Sometimes a fertilized egg can spontaneously split and give rise to two embryos – that’s how we get identical twins. But sometimes two eggs do get fertilized at the same time, by two different sperm cells. If both go on to develop, you’ll get a set of non-identical or fraternal twins.

Rewind to where we talked about each sperm and egg cell containing half the usual chromosomes. That’s correct, but it doesn’t mean that each egg and sperm cell is identical. Through the process of DNA recombination, bits of chromosomes get swapped around, leaving a patchwork of maternal DNA in each egg and a patchwork of paternal DNA in each sperm. This is why twins born from two separate eggs and sperms are non-identical. 

Sometimes as these two embryos start to develop in the womb, one can supersede and even absorb the other. Some call this “vanishing twin syndrome”.  The mother may be completely unaware there were ever two embryos in her womb at all; the child, when they’re eventually born, would therefore have no idea they once had a sibling whose genetic material is now inside them. This is tetragametic chimerism.

“I absorbed my twin sister, so I carry her DNA and cells within my body,” explained TikTok user Rachelle (@radrachelle) in a viral video. She discovered the condition as a teen, but had always carried physical signs of her chimerism: two different colored eyes, and different skin pigmentation on each side of her body. These physical indicators are often, but not always present.

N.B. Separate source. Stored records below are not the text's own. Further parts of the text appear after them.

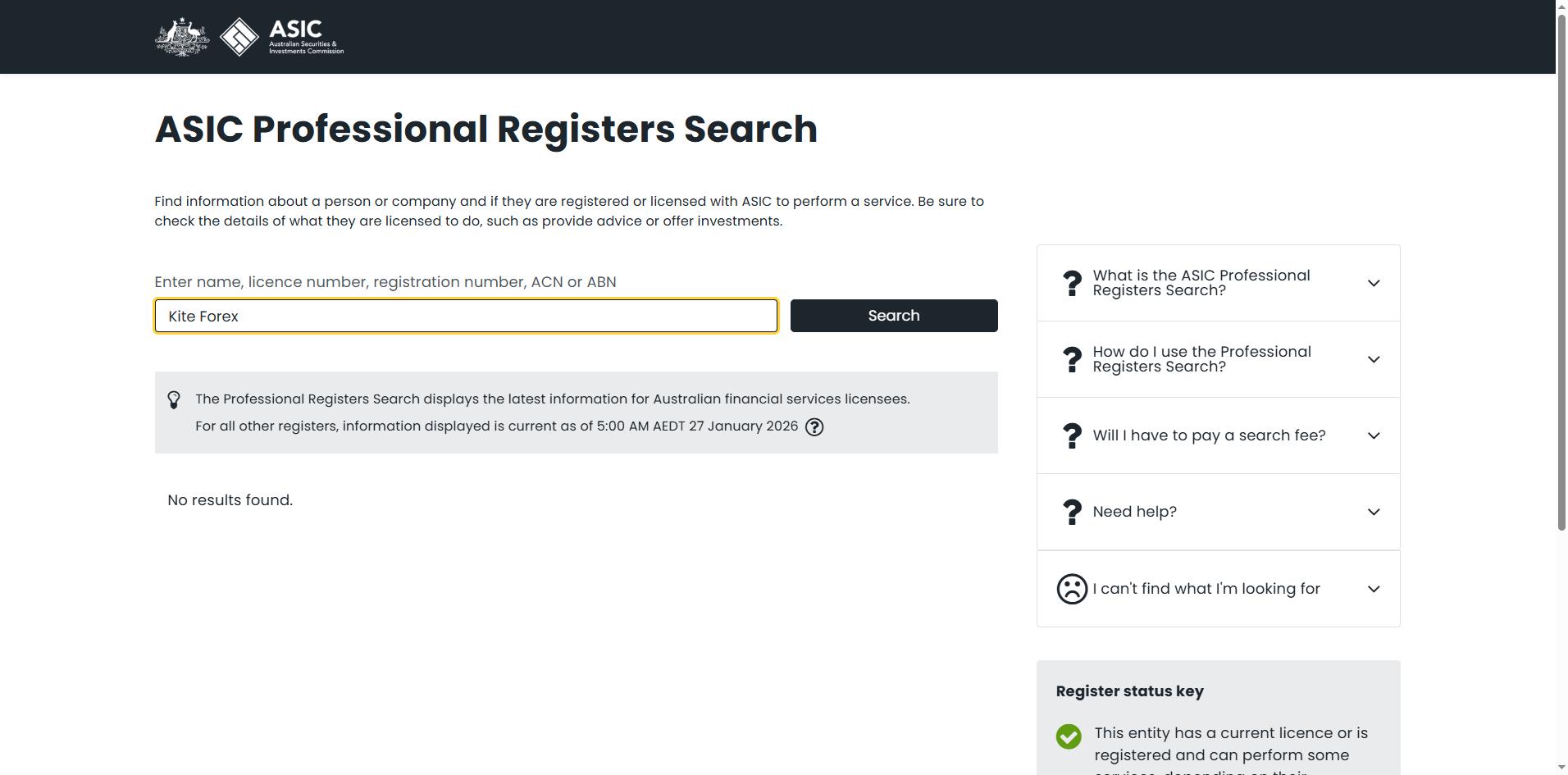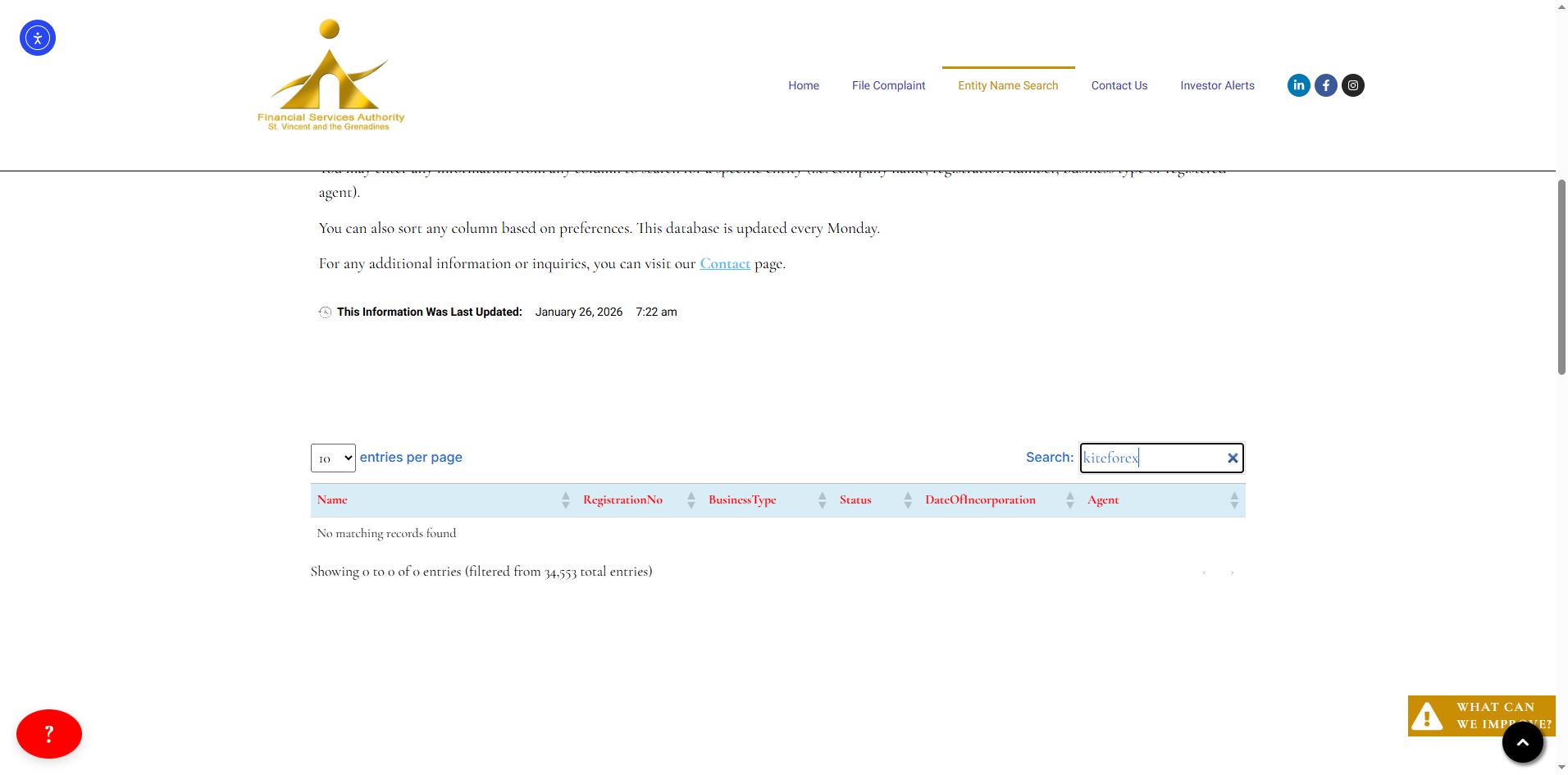 However, our search of the SVG FSA registry found no record of Kiteforex Ltd. Even if such a registration existed, it would only indicate an International Business Company (IBC) status, not a financial or forex license, as the SVG FSA does not regulate trading activities.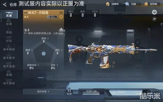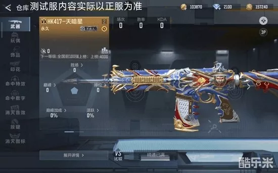 穿越火线:枪战王者HK417-天暗星,以蓝、金、红三色为主调,将古代战甲的元素与现代枪械融合。枪身遍布金色的雕花与镶边,蓝色主调,红色作为点缀,在枪托、握把和弹匣部位形成鲜明对比。最引人注目的是,在枪栓下方的核心位置,巧妙融入了画江湖之不良人中天暗星的形象,那是一张极具辨识度的面具,红瞳怒睁。下面和酷乐米小编一起来看看吧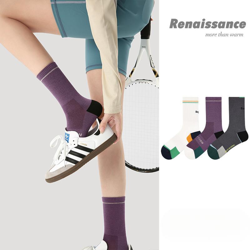 3 Pairs of Female Spring and Summer Thin Style Breathable Sports Tube Cotton Socks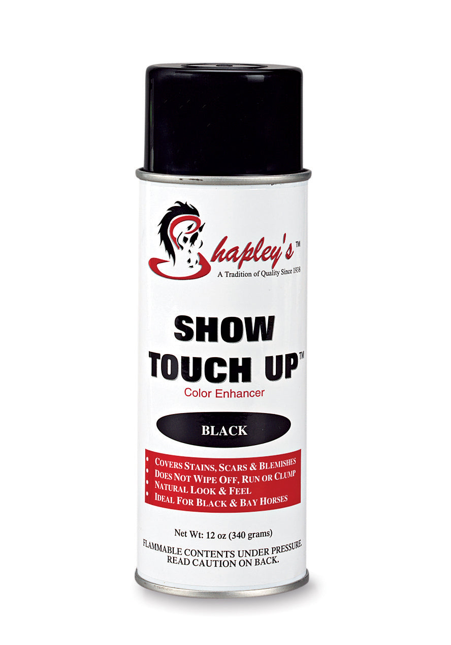 Shapley's™ Show Touch Up in colors to enhance your horse's coat covers stains, scars, blemishes and flaws. It can also be sprayed on tails to create a fuller appearance. Show Touch Up won’t smear, clump, wipe off accidentally or wash off in the rain—and it won’t damage your horse’s hair. 12 ounces.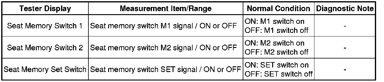 SEAT: FRONT POWER SEAT CONTROL SYSTEM: DATA LIST / ACTIVE TEST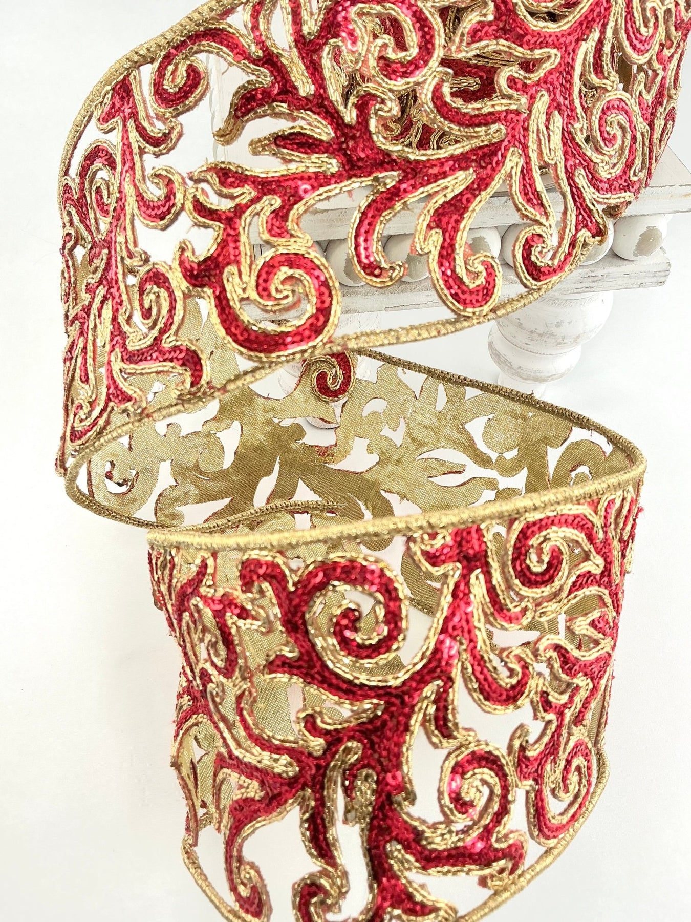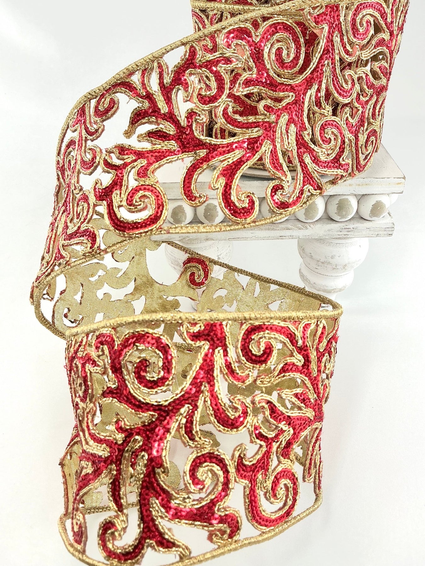 Farrisilk red sequin acanthus wired ribbon - 4” - Greenery Marketwired ribbonRK745 - 02

Neither Fairchild nor Keegan were known to have any indicators of their chimerism. Keegan was discovered to have different DNA profiles in cells throughout her body, in contrast with Fairchild’s case where the DNA lineages were very localized. 

“The oft-taught equation of ‘one individual, one genome’ fails to capture the full complexity of reality,” writes Lise Barnéoud in her book Hidden Guests: Migrating Cells and How the New Science of Microchimerism Is Redefining Human Identity. In an extract published by Live Science, Barnéoud goes on to say, “What seemed a long-established and unshakable certainty, even to me, has turned out to be imperfect knowledge in need of revision. We know too little about our own biology to have blind faith that DNA profiling will always reveal a person's identity or origins.”

“It's impossible to know how many Karen Keegans and Lydia Fairchilds exist. Most of the time, the existence of chimeric cells from vanished twins goes unnoticed.”

How trustworthy is DNA evidence?

DNA still plays a massive role in criminal investigations and it’s incredibly useful, but as these cases illustrated, it’s not infallible.

Most people are not chimeras; but some people are, many of them have absolutely no idea about it, and it’s only likely to become relevant during a vulnerable time like a court case or medical investigation, when it’s more important than ever that the truth becomes known.

“Our ultimate proof is far from foolproof,” Barnéoud writes. “Yet it is very often used to determine relationships, prove or disprove paternity, evaluate applications for family reunification, or convict persons otherwise presumed innocent.”